Dozens of people showed up to a TransCanada public consultation on its pipeline proposal in Stittsville on Thursday evening.
The consultation was the first in the City of Ottawa, one of 65 held across the country.
The pipeline proposal, which still needs regulatory approval, would send 1.1 million barrels of oil per day from Western Canada to refineries and export terminals in Eastern Canada.
TransCanada is proposing to convert roughly 3,000 kilometres of natural gas pipeline on its existing Canadian Mainline route so it can carry crude oil.
The company has a natural gas compressor station on the outskirts of Stittsville and its pipes are part of a long gas pipeline running beneath the community.
The pipeline would pass through the western part of Ottawa and also run beneath the bed of the Rideau River.
The company said it can convert the existing natural gas pipes to carry the oil.
It would also construct 1,400 km of new pipeline to carry crude oil into Saint John, N.B., where it will end at the Canaport LNG terminal.
1 protester asked to leave
In Stittsville Thursday, one person was asked to leave for unfurling a banner inside that read, "TransCanada lies," as well as for taking photos.
Some people put up signs and protested outside the building while the information session was happening. Others went inside to learn more about the proposal.

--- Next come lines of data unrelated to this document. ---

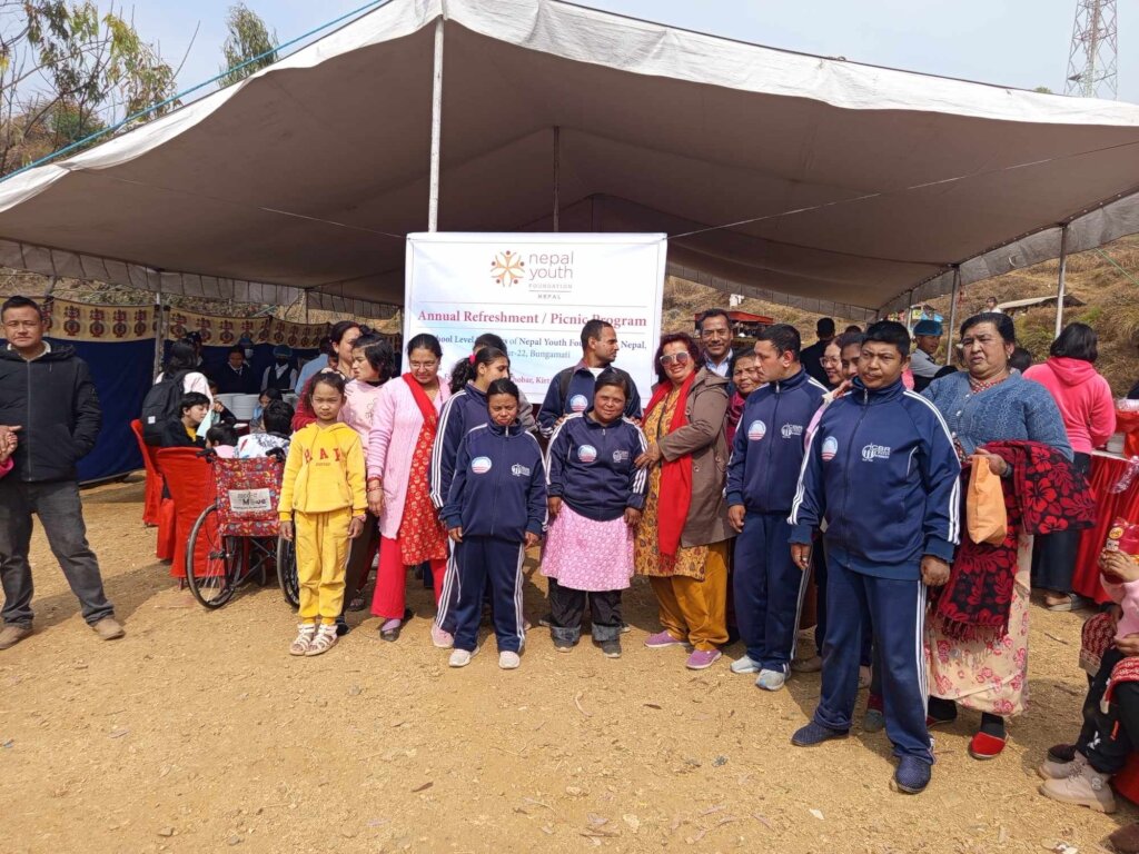 On Saturday, February 16, Nepal Youth Foundation, one of the Patan CBR cooperation partner, arranged a refreshment picnic program for school-level students and children with disabilities at Chobar, Kritipur. Our Patan CBR staff, parents, and children with disabilities were cordially welcomed to attend. There are 9 children with disabilities, along with their parents and Patan CBR staff. We gathered in Jawalakhel at precisely 8am in the morning. Others were on the verge of joining us in that program. We all boarded the Patan CBR bus and headed to our designated spot. As we arrived at our destination, we noticed that it was really lovely and that other people had come to have a picnic with their loved ones.
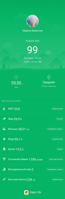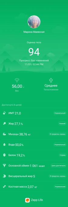 У меня сегодня недобор. Ездила сдавать экзамен по охране труда, всё там подзатянулось. Потом очередь за посылкой на почте. Мужу пришли нитки для вязания "мушек", счастлив как ребёнок 🤭 В итоге обед был поздний, перекус пришлось удалить (хоть и планировала овощной салатик), ужин по расписанию . Зато порадовали замеры🥰 Хоть объемы и не меняются, зато меняется рейтинг тела. Как я хотела увидеть эту цифру 🙏 Жировая пошла в минус, а мышцы в плюс.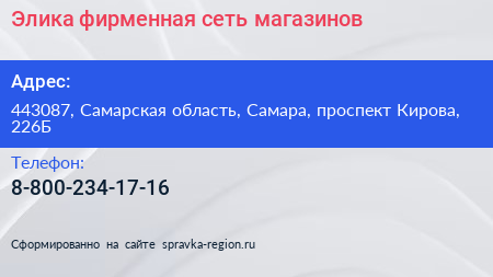 Элика, фирменная сеть магазинов по адресу 443087, Самарская область, Самара, проспект Кирова, 226Б в дальнейшем Организация, размещена в следующих категориях:
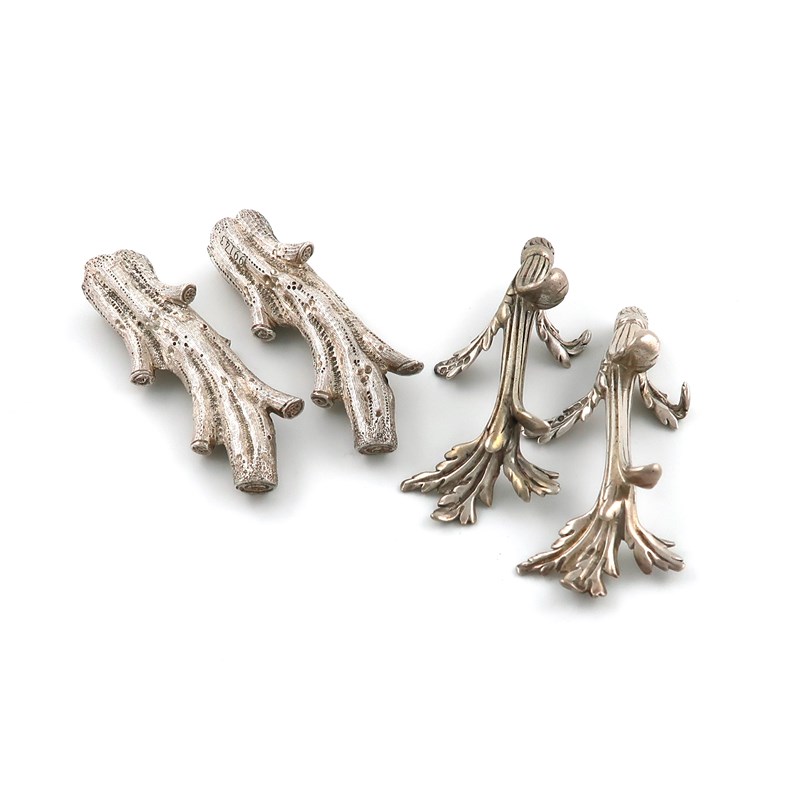 naturalistic leaf and branch form, length 9.1cm, plus a pair of Victorian Scottish silver knife rests, modelled as a tree trunk, approx. total weight 5oz. (4)

Amber McCoy lives in Richmond and said the pipeline would run within a kilometre of her home.
"My biggest concerns are with the switch-over, the potential for leaks into our aquifer," McCoy said. "The village of Richmond sits on a very shallow aquifer and it's very vulnerable, and if there was a leak my biggest concern is that we would lose our wells and we would have to drill new wells."
TransCanada concedes it can't guarantee there won't be a leak, but claims it's using state of the art technology to detect weak pipes before they burst. Control room staff can also turn off valves to minimize spills.
The company said it would start seeking regulatory approvals on the pipeline in 2014 and the oil could start flowing to Eastern Canada by late 2017.
It's expected to cost $12 billion, excluding the transfer value of Canadian Mainline natural gas assets, according to the company.